Покос. Женщины идут с косами, граблями.

Косить здешним женщинам привычно – мужчины ведь уходили «на посторонний заработок».

Но вот пахать на себе, как было в эту весну, – это уж новь военная. Оккупация прошлась по этой земле.

– Мы как кони, – говорят о себе. – По десять в плуг впряжемся. Одиннадцатая качает. В борону – по пять человек. Один такой раз боронуем, бык бежит. Мы разбежались. Смеемся: кони разбежались.

* * *

Наше понимание, воюющей части народа: все для нас, все нам дозволено по сравнению с мирным народом. Но какой же это мирный народ, подпавший так жестоко под иго войны, как не всякому солдату доводится.

* * *

Когда началась война, внешние признаки вещей оставались прежними, а существо изменилось. Так, завод, куда я поступила, был все еще 2-м часовым заводом, хотя часы на нем не производились, а гильзы. Подвал под нашим домом, где раньше хранилась картошка, оказывается, ждал нас в свое бомбоубежище.

Таинственная душа вещей вдруг обнаружилась.

* * *

– Он меня матюгнул по-хорошему. Я поднялся, пошел в рост на врага.

* * *

«Исполком райсовета решил:

1. Оформить и передать материал следственным органам о падеже лошадей в колхозах «Заря коммунизма» и «Серп и молот» для привлечения к ответственности руководителей колхозов за варварское отношение к коню».

* * *

Чтобы деньги водились, высушенные свиные пятачки хранят в шкафу среди белья. Так издавна ведется в Ржеве.

* * *

Вечернее сообщение:

«В течение 3 июля на Курском направлении наши войска отражали крупные ожесточенные танковые атаки немецко-фашистских войск…

После восьмимесячной героической обороны наши войска оставили Севастополь…»

* * *

Здесь, в деревнях, не было ни электричества, ни радио, а теперь уже само собой их нет. Но какими-то путями вести о неблагополучии на юге достигают сюда, и порой они выразительнее, чем сдержанные газетные сообщения.

И все же это смутно, это где-то там, на окраине страны, как кажется отсюда местным людям. А здесь война вблизи самого ее сердца – Москвы.

И если немец там где-то и осилит, еще не вся беда. Но если на этот раз немец двинет на Москву и захватит ее – «это ж разом загорится и небо и земля».
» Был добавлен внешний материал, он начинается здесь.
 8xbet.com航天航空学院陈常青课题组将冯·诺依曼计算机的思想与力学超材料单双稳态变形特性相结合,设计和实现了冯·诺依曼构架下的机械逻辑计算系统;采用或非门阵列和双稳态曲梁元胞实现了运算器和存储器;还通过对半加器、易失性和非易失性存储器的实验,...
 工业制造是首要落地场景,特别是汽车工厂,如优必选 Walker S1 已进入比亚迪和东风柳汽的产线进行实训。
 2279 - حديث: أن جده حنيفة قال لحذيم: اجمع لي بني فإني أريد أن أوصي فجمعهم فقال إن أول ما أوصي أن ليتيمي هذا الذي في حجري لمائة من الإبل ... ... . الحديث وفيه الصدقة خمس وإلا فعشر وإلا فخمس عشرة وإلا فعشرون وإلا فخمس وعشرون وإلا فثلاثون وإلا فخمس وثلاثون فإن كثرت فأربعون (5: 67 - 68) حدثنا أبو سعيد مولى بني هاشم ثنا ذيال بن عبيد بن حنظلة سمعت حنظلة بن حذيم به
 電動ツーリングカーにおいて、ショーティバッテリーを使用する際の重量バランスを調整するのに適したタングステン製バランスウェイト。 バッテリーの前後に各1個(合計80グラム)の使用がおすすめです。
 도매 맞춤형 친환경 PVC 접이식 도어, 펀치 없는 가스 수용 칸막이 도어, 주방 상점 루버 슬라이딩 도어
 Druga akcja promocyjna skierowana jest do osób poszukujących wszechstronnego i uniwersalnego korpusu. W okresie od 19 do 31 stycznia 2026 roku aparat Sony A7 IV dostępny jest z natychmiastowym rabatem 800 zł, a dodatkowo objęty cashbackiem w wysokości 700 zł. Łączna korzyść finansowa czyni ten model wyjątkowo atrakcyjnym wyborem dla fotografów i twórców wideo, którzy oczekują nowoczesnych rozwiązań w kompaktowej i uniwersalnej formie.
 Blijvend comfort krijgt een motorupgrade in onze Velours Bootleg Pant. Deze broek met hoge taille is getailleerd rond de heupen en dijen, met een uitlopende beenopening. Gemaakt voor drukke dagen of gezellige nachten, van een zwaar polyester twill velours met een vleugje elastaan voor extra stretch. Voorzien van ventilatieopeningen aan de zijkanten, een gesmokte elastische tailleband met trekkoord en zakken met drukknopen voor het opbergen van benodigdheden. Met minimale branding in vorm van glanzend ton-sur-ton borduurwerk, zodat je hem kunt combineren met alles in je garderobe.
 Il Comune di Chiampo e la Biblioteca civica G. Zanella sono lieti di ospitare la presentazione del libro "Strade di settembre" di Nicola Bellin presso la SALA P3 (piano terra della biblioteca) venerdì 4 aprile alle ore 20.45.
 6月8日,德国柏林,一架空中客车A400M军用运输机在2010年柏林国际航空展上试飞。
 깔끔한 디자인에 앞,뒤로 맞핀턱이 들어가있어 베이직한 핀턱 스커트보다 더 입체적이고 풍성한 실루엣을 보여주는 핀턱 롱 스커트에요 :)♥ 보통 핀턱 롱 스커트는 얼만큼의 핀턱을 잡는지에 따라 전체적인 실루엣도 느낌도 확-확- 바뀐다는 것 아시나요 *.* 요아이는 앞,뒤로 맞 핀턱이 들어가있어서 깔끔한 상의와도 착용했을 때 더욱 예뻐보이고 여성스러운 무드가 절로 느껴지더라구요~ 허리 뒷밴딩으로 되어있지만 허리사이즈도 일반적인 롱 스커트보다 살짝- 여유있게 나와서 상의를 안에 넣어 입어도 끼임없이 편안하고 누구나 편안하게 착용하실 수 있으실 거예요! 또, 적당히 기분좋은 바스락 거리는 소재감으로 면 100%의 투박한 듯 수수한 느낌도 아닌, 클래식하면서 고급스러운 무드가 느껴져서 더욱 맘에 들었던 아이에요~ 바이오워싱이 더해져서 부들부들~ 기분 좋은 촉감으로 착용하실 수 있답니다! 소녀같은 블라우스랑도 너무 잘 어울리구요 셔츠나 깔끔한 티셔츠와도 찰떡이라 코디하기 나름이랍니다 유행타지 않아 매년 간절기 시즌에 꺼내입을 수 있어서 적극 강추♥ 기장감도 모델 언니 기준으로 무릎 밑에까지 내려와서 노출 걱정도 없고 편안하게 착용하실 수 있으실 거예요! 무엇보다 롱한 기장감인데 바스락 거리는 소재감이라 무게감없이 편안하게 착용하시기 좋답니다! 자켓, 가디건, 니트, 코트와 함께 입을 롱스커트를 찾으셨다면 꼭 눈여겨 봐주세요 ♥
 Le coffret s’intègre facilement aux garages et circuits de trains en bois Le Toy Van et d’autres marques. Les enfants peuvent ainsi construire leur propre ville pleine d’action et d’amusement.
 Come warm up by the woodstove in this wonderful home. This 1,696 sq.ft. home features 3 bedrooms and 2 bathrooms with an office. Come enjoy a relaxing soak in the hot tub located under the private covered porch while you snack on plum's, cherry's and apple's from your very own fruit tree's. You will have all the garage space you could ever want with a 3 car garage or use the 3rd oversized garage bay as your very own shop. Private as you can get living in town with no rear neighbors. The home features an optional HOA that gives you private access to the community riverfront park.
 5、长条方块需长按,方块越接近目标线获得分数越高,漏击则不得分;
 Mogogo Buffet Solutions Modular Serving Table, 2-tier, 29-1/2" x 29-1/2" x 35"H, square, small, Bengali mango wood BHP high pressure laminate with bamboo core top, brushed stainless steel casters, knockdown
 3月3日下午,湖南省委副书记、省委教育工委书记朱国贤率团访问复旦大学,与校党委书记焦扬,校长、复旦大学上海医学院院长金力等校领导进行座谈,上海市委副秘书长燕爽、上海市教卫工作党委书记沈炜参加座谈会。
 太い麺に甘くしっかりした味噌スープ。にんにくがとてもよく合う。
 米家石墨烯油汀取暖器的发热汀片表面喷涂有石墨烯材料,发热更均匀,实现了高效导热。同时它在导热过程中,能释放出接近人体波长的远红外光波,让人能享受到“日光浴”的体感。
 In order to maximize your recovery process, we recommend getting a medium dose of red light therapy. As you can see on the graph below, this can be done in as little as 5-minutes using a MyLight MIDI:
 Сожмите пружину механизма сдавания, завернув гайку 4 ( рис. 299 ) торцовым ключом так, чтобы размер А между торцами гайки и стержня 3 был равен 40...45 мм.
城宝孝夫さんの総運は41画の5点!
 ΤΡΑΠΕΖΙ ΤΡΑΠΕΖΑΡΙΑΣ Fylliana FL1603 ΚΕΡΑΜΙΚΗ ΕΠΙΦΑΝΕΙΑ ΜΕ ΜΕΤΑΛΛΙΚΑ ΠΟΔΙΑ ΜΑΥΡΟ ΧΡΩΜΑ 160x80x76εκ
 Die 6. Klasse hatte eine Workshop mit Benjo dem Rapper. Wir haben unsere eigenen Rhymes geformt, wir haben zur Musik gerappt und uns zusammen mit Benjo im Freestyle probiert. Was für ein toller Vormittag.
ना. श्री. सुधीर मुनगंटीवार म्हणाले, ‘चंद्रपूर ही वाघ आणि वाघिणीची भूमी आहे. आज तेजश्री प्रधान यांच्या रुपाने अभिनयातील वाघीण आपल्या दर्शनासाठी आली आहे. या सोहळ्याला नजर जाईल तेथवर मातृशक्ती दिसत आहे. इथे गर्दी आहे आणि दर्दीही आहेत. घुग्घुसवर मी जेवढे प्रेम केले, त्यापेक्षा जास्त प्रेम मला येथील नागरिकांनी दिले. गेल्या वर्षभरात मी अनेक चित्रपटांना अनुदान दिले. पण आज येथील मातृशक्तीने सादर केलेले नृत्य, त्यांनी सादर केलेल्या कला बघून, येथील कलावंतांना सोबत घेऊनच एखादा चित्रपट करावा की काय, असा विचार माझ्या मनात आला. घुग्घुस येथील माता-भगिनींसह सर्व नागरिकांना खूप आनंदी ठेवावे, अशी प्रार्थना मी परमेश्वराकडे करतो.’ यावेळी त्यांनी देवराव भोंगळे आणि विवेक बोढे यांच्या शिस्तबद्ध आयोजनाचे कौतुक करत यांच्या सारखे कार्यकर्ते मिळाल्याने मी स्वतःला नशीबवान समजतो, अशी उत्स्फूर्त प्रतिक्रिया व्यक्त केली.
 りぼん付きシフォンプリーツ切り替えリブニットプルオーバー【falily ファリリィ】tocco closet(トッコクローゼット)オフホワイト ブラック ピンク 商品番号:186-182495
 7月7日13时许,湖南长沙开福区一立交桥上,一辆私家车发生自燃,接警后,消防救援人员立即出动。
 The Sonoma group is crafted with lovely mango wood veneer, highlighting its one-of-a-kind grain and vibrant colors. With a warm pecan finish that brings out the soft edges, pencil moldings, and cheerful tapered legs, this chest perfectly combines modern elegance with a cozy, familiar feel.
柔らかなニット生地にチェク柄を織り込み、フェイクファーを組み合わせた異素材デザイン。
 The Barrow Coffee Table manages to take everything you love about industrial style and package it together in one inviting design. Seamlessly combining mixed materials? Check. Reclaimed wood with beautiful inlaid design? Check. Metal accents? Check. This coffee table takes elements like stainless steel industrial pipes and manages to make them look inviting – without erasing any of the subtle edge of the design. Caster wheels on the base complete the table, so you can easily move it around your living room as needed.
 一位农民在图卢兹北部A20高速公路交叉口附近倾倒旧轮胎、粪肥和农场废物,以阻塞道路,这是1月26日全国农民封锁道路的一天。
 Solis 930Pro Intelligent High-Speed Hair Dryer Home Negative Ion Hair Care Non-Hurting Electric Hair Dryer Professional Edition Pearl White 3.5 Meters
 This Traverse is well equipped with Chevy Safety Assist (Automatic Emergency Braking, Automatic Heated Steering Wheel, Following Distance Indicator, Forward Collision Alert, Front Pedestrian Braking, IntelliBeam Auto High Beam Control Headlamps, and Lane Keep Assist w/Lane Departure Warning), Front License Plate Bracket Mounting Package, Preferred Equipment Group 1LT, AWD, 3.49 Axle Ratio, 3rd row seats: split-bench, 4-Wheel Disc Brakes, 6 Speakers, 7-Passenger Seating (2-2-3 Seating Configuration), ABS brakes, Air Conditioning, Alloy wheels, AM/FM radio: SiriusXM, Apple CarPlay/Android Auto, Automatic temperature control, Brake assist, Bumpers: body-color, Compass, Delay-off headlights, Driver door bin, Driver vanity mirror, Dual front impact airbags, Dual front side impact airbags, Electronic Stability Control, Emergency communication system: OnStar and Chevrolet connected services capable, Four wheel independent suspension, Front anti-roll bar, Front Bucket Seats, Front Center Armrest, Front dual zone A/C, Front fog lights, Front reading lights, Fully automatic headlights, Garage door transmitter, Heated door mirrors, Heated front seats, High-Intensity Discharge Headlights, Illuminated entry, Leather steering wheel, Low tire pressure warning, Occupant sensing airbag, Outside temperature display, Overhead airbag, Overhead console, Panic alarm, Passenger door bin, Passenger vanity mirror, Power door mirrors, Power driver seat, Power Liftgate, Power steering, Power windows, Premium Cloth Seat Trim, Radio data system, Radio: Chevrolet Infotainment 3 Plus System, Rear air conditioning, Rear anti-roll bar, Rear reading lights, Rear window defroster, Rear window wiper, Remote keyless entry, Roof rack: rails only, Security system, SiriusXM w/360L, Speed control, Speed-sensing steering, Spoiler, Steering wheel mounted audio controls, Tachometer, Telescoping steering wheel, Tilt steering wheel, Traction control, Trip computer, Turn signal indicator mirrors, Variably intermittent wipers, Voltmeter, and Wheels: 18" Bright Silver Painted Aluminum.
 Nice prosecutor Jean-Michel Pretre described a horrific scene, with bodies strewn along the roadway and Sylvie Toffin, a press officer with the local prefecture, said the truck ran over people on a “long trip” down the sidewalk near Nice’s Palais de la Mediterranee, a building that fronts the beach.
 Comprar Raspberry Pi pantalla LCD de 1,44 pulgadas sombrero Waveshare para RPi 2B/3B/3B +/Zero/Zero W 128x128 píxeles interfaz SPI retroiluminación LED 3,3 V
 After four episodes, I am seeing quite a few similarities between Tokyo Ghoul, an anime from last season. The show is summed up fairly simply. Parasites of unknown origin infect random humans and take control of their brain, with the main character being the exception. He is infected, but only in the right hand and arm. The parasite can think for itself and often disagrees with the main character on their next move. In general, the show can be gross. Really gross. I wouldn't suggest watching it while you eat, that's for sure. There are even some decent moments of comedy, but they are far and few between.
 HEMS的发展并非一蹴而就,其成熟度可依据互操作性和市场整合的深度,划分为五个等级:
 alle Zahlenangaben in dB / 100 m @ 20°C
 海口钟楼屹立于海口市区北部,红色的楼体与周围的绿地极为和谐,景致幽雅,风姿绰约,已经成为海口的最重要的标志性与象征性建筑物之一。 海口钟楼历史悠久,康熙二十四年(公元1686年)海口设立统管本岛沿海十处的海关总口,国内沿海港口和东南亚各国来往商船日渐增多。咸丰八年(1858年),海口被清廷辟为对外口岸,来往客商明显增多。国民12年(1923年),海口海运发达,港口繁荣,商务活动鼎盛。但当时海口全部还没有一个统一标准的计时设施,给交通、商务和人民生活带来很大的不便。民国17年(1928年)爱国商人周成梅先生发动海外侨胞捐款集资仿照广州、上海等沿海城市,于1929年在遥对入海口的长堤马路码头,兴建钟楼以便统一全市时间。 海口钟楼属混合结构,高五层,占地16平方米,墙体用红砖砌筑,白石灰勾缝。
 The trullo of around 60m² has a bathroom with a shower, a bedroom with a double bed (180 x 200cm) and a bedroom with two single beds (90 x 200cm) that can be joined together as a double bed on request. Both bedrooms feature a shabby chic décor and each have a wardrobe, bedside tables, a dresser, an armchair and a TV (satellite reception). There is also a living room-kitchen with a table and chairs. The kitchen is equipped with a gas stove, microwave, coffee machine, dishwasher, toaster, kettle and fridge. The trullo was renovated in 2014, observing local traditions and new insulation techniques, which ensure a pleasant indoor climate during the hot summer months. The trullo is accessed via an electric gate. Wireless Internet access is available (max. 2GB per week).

Падение Москвы – это конец света, а не факт войны.

* * *

Железная баночка с фитилем. Плошка.

– Нам немецкие зенитчики оставили. Хорошая такая штучка.

– И долго служит?

– Долго, долго, что вы.

* * *

Раненые бредут с передовой, спотыкаясь, поддерживая один другого, волоча винтовки.

Повстречавшаяся с ними старуха замерла, согнутая под связкой хвороста на спине, следя за ранеными слезящимися глазами. И вдруг так сильно, горестно:

– Взойдет кто им на подмогу?

* * *

– Царица небесная! Заступница!

* * *

То время, что здесь были немцы, отогнанные еще в нашем зимнем наступлении, в сознании местных людей – прошедшее законченное.

То была как бы война в войне. Та, бывшая, пережитая ими война – в нескончаемом потоке длящейся, общей.

– Все было, – говорят про ту, прошедшую. – Огонь и страсть!

* * *

Плотность жизни на единицу времени велика сейчас. Иногда крайне велика.

* * *

Молодая бабенка при виде тощего, длинного, изможденного немца, пленного:

– Боже милостивый! Страшно глянуть. Худой до ужаса. А ведь мнится, что немцы, допершие сюда, чуть ли не к самой Москве, и на юге заглатывающие наши земли, уж они-то жируют вволюшку.

* * *

Ведь вот что нелепо: то, другое, третье, все такое дельное, важное, знаменательное, – все износится. А какая-нибудь чепуха на ловком ритме: «Аты-баты, шли солдаты» – вечна.

* * *

С петляющих между палатками и блиндажами, вырубленных и вытоптанных просек ступнешь бесцельно шагов пять-шесть всего в чащу – и выпал из войны, рухнул во все зеленое, земное, неразличимое в подробностях. Бог мой, какая благодать. Эти краденные у войны мгновения.

Ich ging im Walte…

……………………………

Das war mein Sinn.

Дальше не помню.

О Гете. Такая гармония духа. Его лесное уединение нарушит разве что герцогский охотничий рог. Но не этот железом о железо полосующий набат:

– Воздух!

* * *

– В лесу налило лужами. Самсон-сеногной.

* * *

Комиссар бригады прочитал лекцию на тему «Ненавидеть врага всеми силами души».

Задавали вопросы:

– Почему мы не наступаем? Своим наступлением мы помогли бы Южному фронту.

* * *

Лупит дождь. Бойцы сообща с бабами гатят топкий участок дороги. Шутки, гомон. Натаскивают хворост, лапник, жерди.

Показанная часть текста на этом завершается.